What Agentic Architecture Actually Means
The term "agentic" gets thrown around loosely, so let me define what I mean. Agentic architecture is a system design approach where specialized AI agents collaborate to accomplish complex tasks, rather than one monolithic AI trying to do everything.
Think of it like microservices, but for AI capabilities. Instead of one giant model that's mediocre at everything, you have:
- A planning agent that breaks a high-level goal into subtasks
- A coding agent that writes and modifies code
- A review agent that checks for bugs, security issues, and style violations
- A testing agent that generates and runs tests
- An orchestrator that coordinates all of these and handles failures
Each agent has a focused role, specific tools it can use, and a clear interface for communicating with other agents. The orchestrator manages the workflow: it sends a task to the planner, fans out subtasks to coding agents, sends the results to the reviewer, and loops back if issues are found.
This is fundamentally different from "chat with an AI about code." It's autonomous, multi-step, and self-correcting. The human's role shifts from writing code to defining goals, reviewing results, and handling the edge cases that agents can't resolve on their own.
Why This Matters for Software Engineering
I think agentic architecture will change software engineering in three concrete ways:
1. Higher Abstraction, Faster Iteration
When agents can handle the mechanical parts of coding, engineers work at a higher level of abstraction. You describe what the system should do, not how every function should be implemented. This compresses the feedback loop: instead of "design, implement, test, debug" taking days, agents can execute the full cycle in minutes for well-scoped tasks.
2. Code Review Becomes the Bottleneck (and That's Good)
When code generation becomes cheap and fast, the bottleneck shifts to code review and architectural judgment. This is actually a positive change: it means senior engineers spend their time on the highest-value activities — evaluating design decisions, catching subtle bugs, and ensuring system coherence — rather than on writing boilerplate.

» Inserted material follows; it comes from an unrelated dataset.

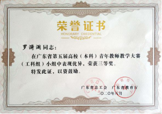 我校在广东省第五届高校(本科)青年教师教学大赛获奖情况
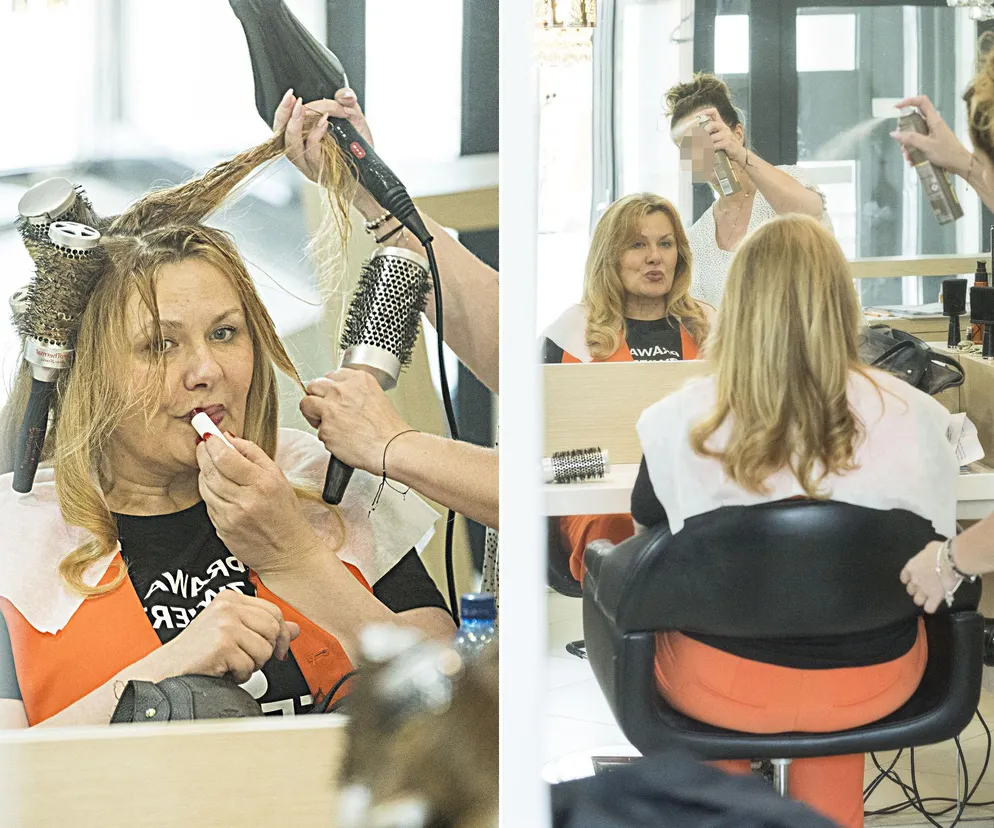 Zabieg trwał dość, a w tym czasie Katarzyna Piekarska asystowała stylistce, przeglądała telefon i popijała wodę.

3. Solo Engineers Gain Superpowers
This is the one I'm most excited about. A single engineer with good agentic tooling can accomplish what used to require a small team. Not because the AI replaces teammates, but because it handles the work that used to be spread across multiple people: implementation, testing, documentation, deployment scripting. The solo engineer becomes an orchestrator of AI agents, focusing their human judgment where it matters most.
Where I'm Headed
I'm investing heavily in multi-agent orchestration frameworks. Specifically, I'm exploring patterns for:
- Agent composition — how to chain specialized agents together with clean interfaces and error handling
- Context management — how to efficiently share relevant context between agents without overwhelming their context windows
- Human-in-the-loop checkpoints — where to insert human review in agent workflows for safety and quality
- Evaluation and feedback loops — how to measure agent performance and automatically improve workflows over time
I believe the engineers who learn to design, build, and orchestrate agentic systems will have a massive advantage in the next few years. Not because they'll write more code, but because they'll ship more software with higher quality and fewer people.
We're at the beginning of a fundamental shift in how software gets built. The tools are imperfect, the patterns are still emerging, and there's a lot of hype to cut through. But the underlying capability is real, and it's improving fast. If you haven't started experimenting with agentic workflows, now is the time.